Some 293 of the estimated 800 children who work on the streets of Albania’s capital Tirana, according to the Child’s Rights Centre in Albania, realized their plight is not forgotten as they participated in a quantitative research study recently conducted by World Vision.

The study was part of World Vision’s Children in Crisis Laboratory of Learning global initiative implemented with the help of both John Hopkins and Tulane University in the United States.

‘The study shows Albania’s, street children face lots of challenges, so there is great need for help,’ said Dr. Paul Bolton, of John Hopkins University.

‘It has also helped bring to light the prevalence of economic challenges street children face within their homes as well as the widespread harassment and abuse they receive from the wider community,’ said Tonya Renee Thurman, MPH, PhD of Tulane University.

While working and living on the streets these children are exposed to harsh environmental elements (cold and rain) and psychosocial and physical violence. Based on World Vision’s quantitative study, 80% of the children reported to have experienced physical abuse on the street.’
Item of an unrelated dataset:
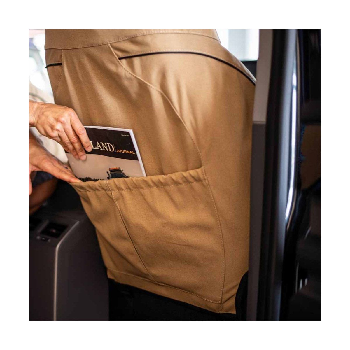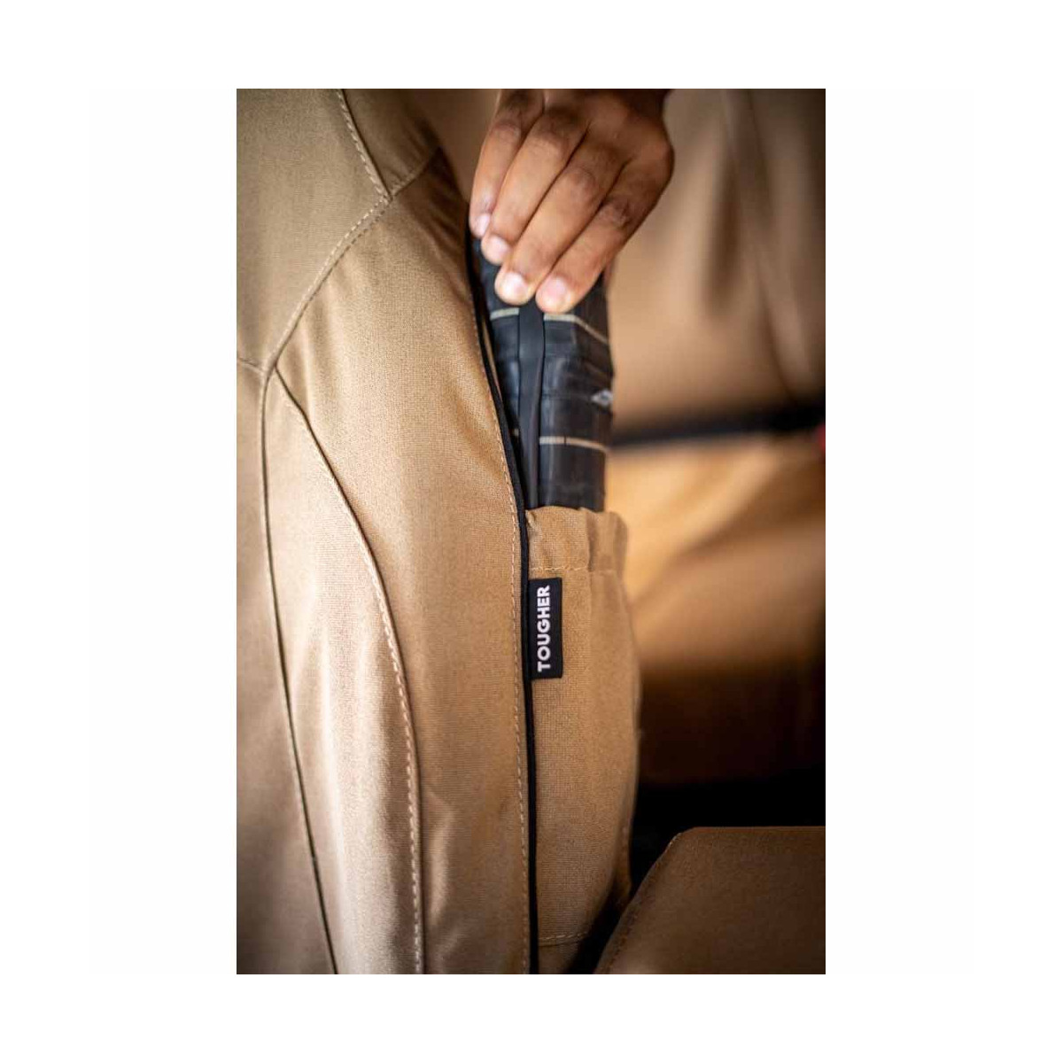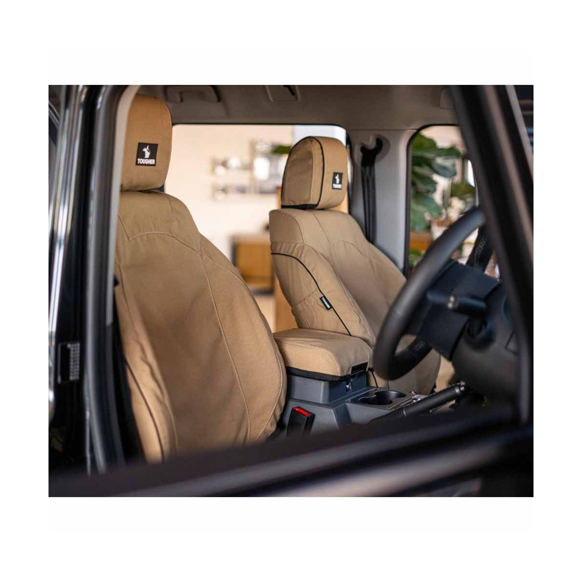 Les housses de sièges avant Tougher sont des protections de luxe, conçues spécifiquement pour les sièges avant de votre Ineos Grenadier. Fabriquées en polycoton de haute qualité, ces housses allient durabilité, confort et respirabilité, même dans les conditions les plus extrêmes. Compatibles avec les airbags, elles sont disponibles en couleur Charcoal. La conception sur mesure assure un ajustement parfait et une apparence élégante, tout en offrant une protection exceptionnelle contre l'usure et les salissures. Le set comprend des housses pour les sièges avant, les appuie-têtes et la console centrale, ainsi que plusieurs poches de rangement pratiques.

‘Whether they are working or begging on the street we know that these children are exploited and internally trafficked. In some cases they are trafficked for forced labor outside of Albania,’ said Blerta Petrela World Vision Albania’s Child Protection Manager.

Of the street children interviewed, 94% were boys between 10 to 14 years old, and as many as half of them started to work before the age of 10. Some children belonged to ethnic minority groups such as Roma and Egyptian, while others were non-minority Albanian. In many cases the reasons the children are on the street were the same, regardless of whether or not they were a from minority group.

Family poverty is one of the main conditions that result in children begging or working on the street. Many of them labor an average of seven hours a day and others as much as 18 hours, with most of their earnings given to their families. More than 80% of street children work mostly during the day, hence school drop out is high among them. However, most of the children interviewed during the quantitative study reported that if they could they would be happy to attend school.

World Vision is in the process of developing holistic programs to address the needs of street children in Albania. The Children in Crisis Laboratory of Learning global initiative is enabling staff to have a better understanding of problems affecting street children, resulting in the design and implementation of locally appropriate interventions. Later, the impact of the interventions will be measured to identify best practices in the area.

‘World Vision works with the most vulnerable populations, focusing on alleviating their immediate needs as well as the root causes of their poverty. While children in crisis are a ‘symptom’ of more fundamental issues, responding to this group is an imperative driven by our fundamental commitment to the most vulnerable,’ said Brett Gresham, World Vision’s regional director for strategic development, Middle East and Eastern Europe.

World Vision is working with civil society organizations and partner NGOs to advocate and lobby the Albanian government to start implementing child rights policies and legislation. World Vision has been organizing trainings with parents, children, teachers and communities where it operates to raise awareness on issues of child’s rights and child protection.

World Vision is also a member of the BKTF network, a network of local and international NGOs in Albania that works against child exploitation, trafficking and abuse. In the summer of 2007, World Vision, along with Organization for Security and Co-operation in Europe, Save the Children and Terre des Hommes, financed an anti-begging national campaign.